Правда, незначительность занятой территории делала пока ненужным формирование отдельных управленческих структур, в то время как отношение к немецкому населению в среде русского командования претерпело очередные изменения. В ноябре 1914 г. новый главнокомандующий Северо-Западным фронтом генерал Н. В. Рузский определил основные принципы взаимодействия, которые были повторены 23 (10) ноября в приказе командующего 10-й армией генерала Ф. В. Сиверса. Они во многом предписывали меры, применявшиеся ранее (взятие заложников, наложение контрибуции) или предложенные П. Г. Курловым (тотальные обыски, ограничение передвижения), хотя появились и новации: награждать тех граждан, которые выдавали бы скрытые радиотелеграфы, подземные проводы и пр., а также уничтожать имущество тех, кто проявлял враждебность[119].

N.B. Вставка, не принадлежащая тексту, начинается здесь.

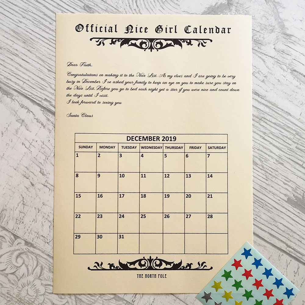 - 1 x Personalised Official Nice Boy / Girl Calendar with stars

Однако ключевой мерой, в общем перечне поставленной на первое место, стали депортации. В этом нет ничего удивительного, т. к. акты сопротивления не были едиными случаями, а логика органического национализма предлагала оперировать этническими группами в целом. На самом высшем уровне последнее проявилось еще в начале наступления: 22 (9) августа по приказу Верховного главнокомандующего великого князя Николая Николаевича за зверства немцев над населением русского Калиша[120] в качестве заложников из германского городка Лык были взяты ландрат и 9 именитых граждан. Их доставили на автомобилях в крепость Осовец[121]. В 1916 г. ландрата Петерса обменяли на генерала, но остальные находились в Сибири до 1917 г.[122] Подобный акт мести в адрес тех, кто не несет непосредственную ответственность за калишскую трагедию, становится логичным в том случае, если воспринимать немцев как некую органическую общность.

Однако только осенью 1914 г. логика депортаций получила развитие. Показательно, что в рассматриваемом приказе Н. В. Рузский постулировал явную враждебность не только немецкого, но и еврейского населения, что указывает на восприятие распространенных тогда в офицерской среде представлений о нелояльности евреев[123]. В конечном итоге главнокомандующий предписывал немцев и евреев мужского пола рабочего возраста отправлять вслед за неприятелем, при этом тщательно осматривать медицинские учреждения, обнаруженных здоровых мужчин объявлять военнопленными и высылать в тыл. Тем самым ответ на вызовы войны был найден в виде не политики террора, а принудительных перемещений, которые, как отмечал А. Уотсон, согласно Конвенции 1907 г. не считались военным преступлением[124]. Такая политика мотивировалась еще и тем, что в условиях военного времени обеспечивать их, мирных граждан, продовольствием было затруднительно, а ухудшение условий жизни потенциально привело бы к эпидемиям.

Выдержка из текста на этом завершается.